**WHAT THE TASK REQUIRES:** Write back every entry exactly as it reads, with the pictures left behind.

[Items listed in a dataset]
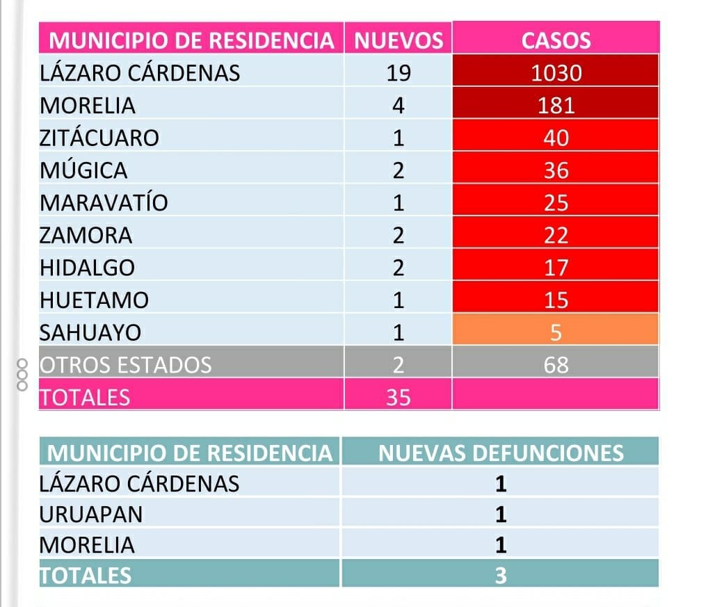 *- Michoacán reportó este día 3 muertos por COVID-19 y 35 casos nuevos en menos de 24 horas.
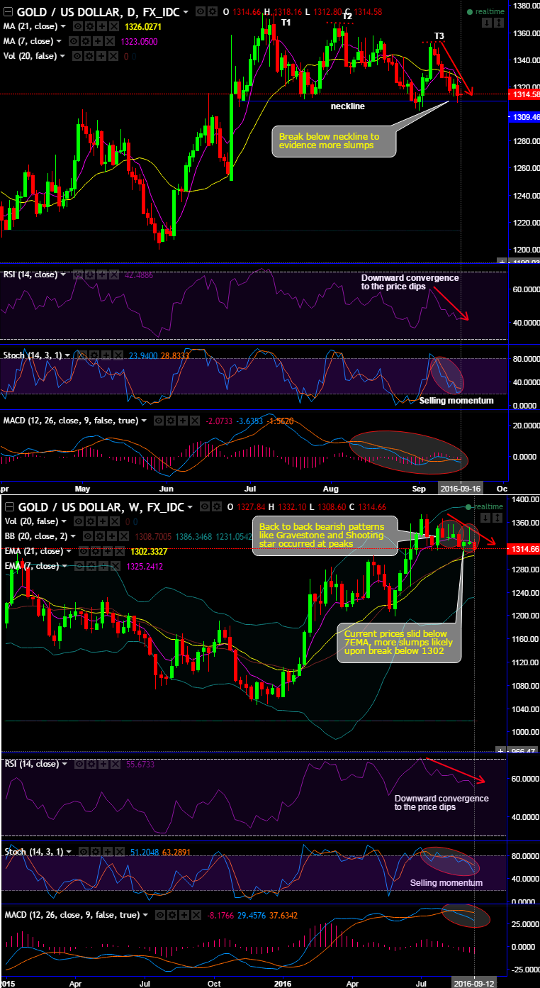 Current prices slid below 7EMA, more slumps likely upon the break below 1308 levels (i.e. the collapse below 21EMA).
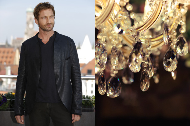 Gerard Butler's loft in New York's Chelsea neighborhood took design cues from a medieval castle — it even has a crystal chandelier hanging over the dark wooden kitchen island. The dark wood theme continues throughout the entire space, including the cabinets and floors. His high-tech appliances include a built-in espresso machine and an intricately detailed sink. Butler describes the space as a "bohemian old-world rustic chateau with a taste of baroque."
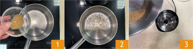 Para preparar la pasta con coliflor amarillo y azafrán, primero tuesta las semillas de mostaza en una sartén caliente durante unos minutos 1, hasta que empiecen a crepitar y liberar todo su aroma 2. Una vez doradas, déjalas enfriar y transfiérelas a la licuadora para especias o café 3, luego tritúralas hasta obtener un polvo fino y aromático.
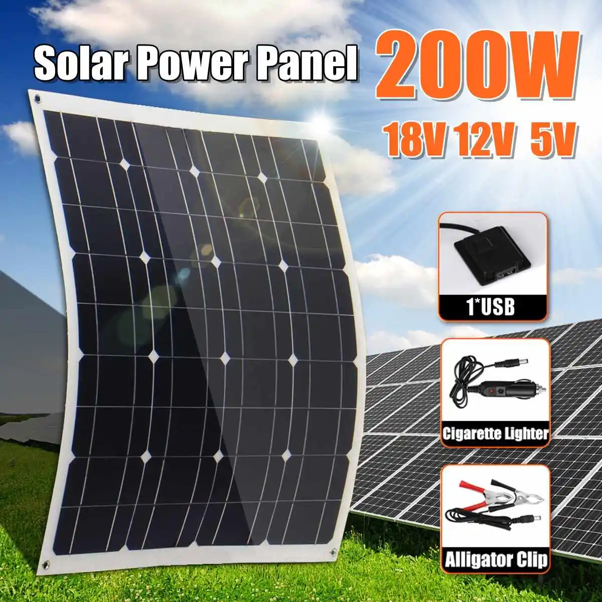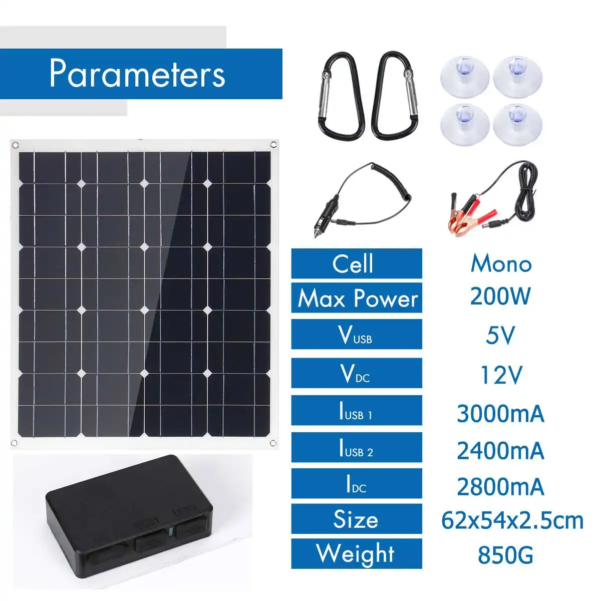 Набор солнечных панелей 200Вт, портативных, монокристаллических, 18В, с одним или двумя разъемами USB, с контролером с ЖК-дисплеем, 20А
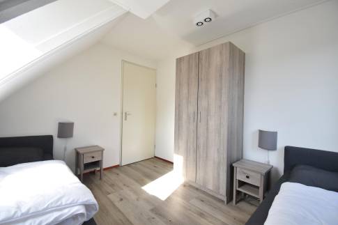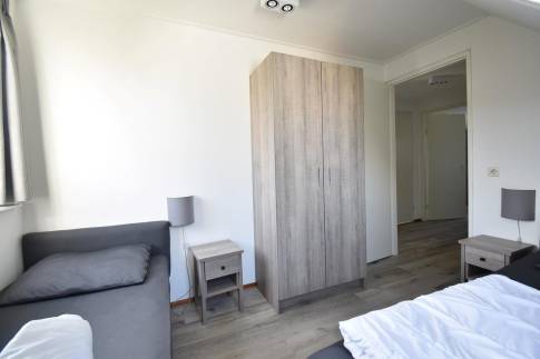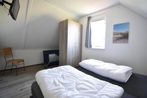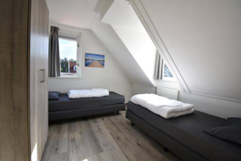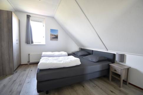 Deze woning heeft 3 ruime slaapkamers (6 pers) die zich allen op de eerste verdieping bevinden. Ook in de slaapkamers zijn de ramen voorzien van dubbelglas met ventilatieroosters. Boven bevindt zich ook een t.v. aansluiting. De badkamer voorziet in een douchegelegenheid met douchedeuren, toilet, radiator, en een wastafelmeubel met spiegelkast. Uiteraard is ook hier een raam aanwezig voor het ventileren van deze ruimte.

**RESPONSE TO THIS TASK:**
 *- Michoacán reportó este día 3 muertos por COVID-19 y 35 casos nuevos en menos de 24 horas.
 Current prices slid below 7EMA, more slumps likely upon the break below 1308 levels (i.e. the collapse below 21EMA).
 Gerard Butler's loft in New York's Chelsea neighborhood took design cues from a medieval castle — it even has a crystal chandelier hanging over the dark wooden kitchen island. The dark wood theme continues throughout the entire space, including the cabinets and floors. His high-tech appliances include a built-in espresso machine and an intricately detailed sink. Butler describes the space as a "bohemian old-world rustic chateau with a taste of baroque."
 Para preparar la pasta con coliflor amarillo y azafrán, primero tuesta las semillas de mostaza en una sartén caliente durante unos minutos 1, hasta que empiecen a crepitar y liberar todo su aroma 2. Una vez doradas, déjalas enfriar y transfiérelas a la licuadora para especias o café 3, luego tritúralas hasta obtener un polvo fino y aromático.
 Набор солнечных панелей 200Вт, портативных, монокристаллических, 18В, с одним или двумя разъемами USB, с контролером с ЖК-дисплеем, 20А
 Deze woning heeft 3 ruime slaapkamers (6 pers) die zich allen op de eerste verdieping bevinden. Ook in de slaapkamers zijn de ramen voorzien van dubbelglas met ventilatieroosters. Boven bevindt zich ook een t.v. aansluiting. De badkamer voorziet in een douchegelegenheid met douchedeuren, toilet, radiator, en een wastafelmeubel met spiegelkast. Uiteraard is ook hier een raam aanwezig voor het ventileren van deze ruimte.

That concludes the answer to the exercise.